## [PROVIDED ENTRIES]

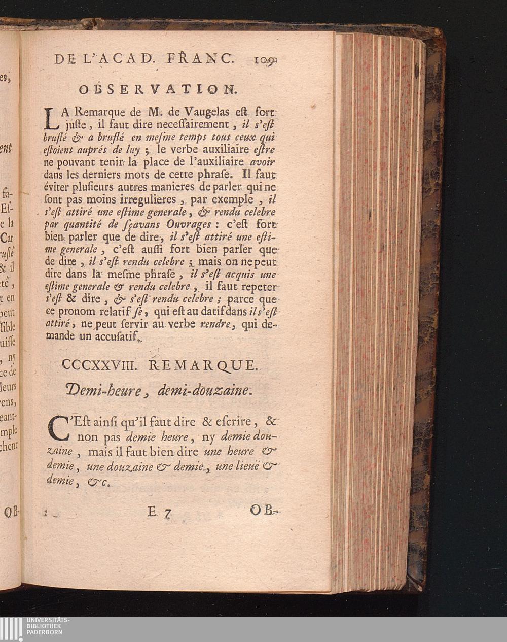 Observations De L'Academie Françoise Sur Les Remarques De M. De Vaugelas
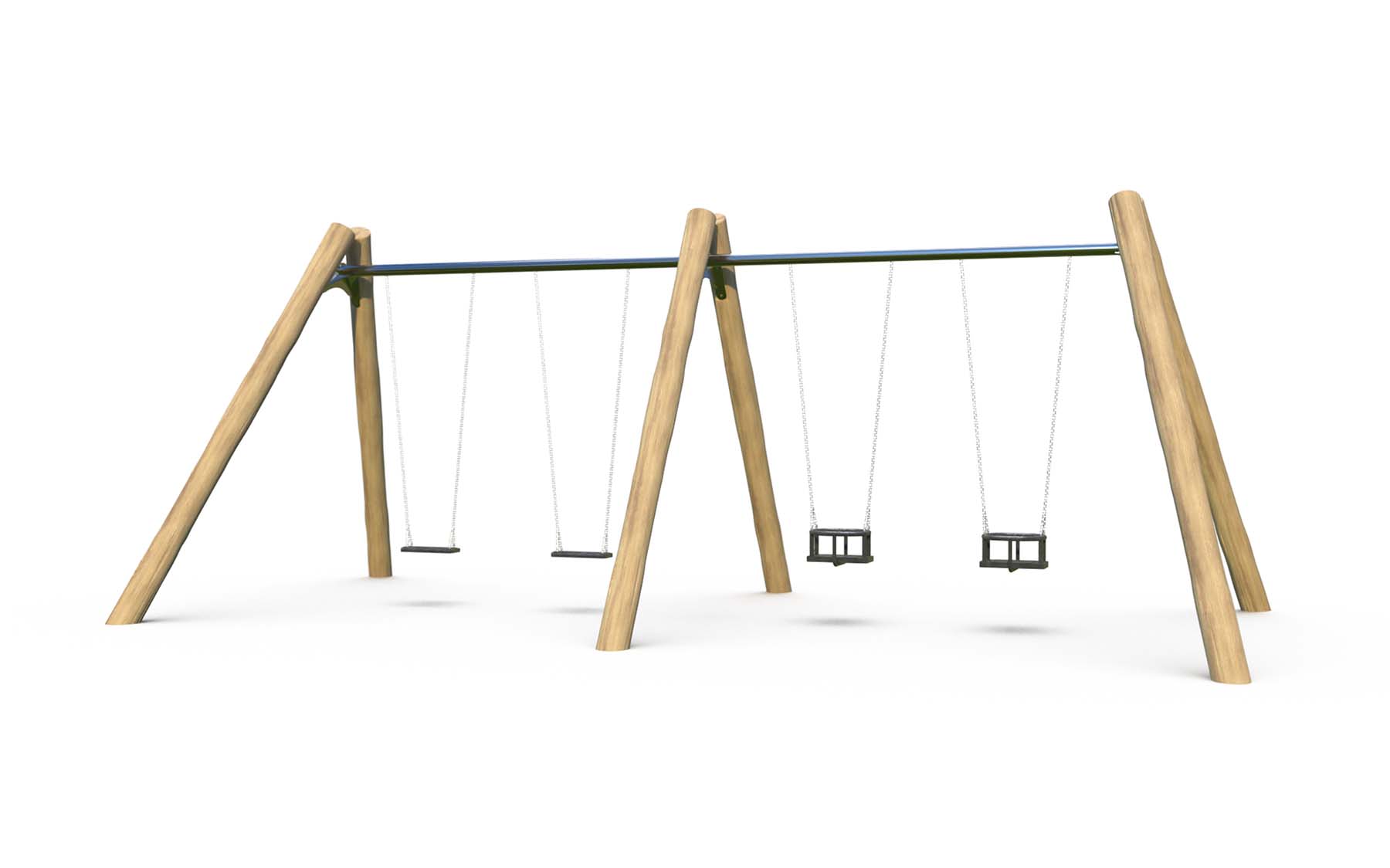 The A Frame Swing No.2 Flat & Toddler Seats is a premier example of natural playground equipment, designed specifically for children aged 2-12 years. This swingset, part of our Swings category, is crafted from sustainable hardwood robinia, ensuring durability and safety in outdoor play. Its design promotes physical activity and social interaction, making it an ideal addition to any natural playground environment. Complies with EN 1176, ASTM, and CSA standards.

--

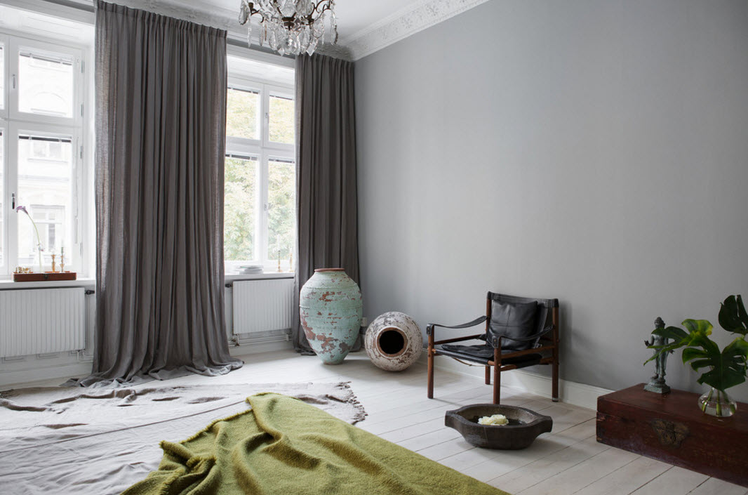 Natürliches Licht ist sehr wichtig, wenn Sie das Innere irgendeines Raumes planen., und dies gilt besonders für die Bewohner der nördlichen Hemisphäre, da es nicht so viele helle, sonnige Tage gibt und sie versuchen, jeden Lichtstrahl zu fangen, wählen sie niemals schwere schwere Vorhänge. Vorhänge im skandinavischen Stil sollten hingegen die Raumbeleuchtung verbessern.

* * *

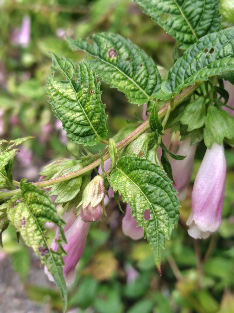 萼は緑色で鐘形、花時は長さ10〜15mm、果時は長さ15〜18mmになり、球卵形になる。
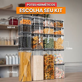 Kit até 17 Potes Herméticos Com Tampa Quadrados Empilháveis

## [AIM OF THE EXERCISE]
Within the listing above, write out the stretch from the line with "萼は緑色で鐘形、花時は長さ1" through the line with "Kit até 17 Potes" exactly. Any pictures are to be left out.

## [WRITTEN RESPONSE]
 萼は緑色で鐘形、花時は長さ10〜15mm、果時は長さ15〜18mmになり、球卵形になる。
 Kit até 17 Potes Herméticos Com Tampa Quadrados Empilháveis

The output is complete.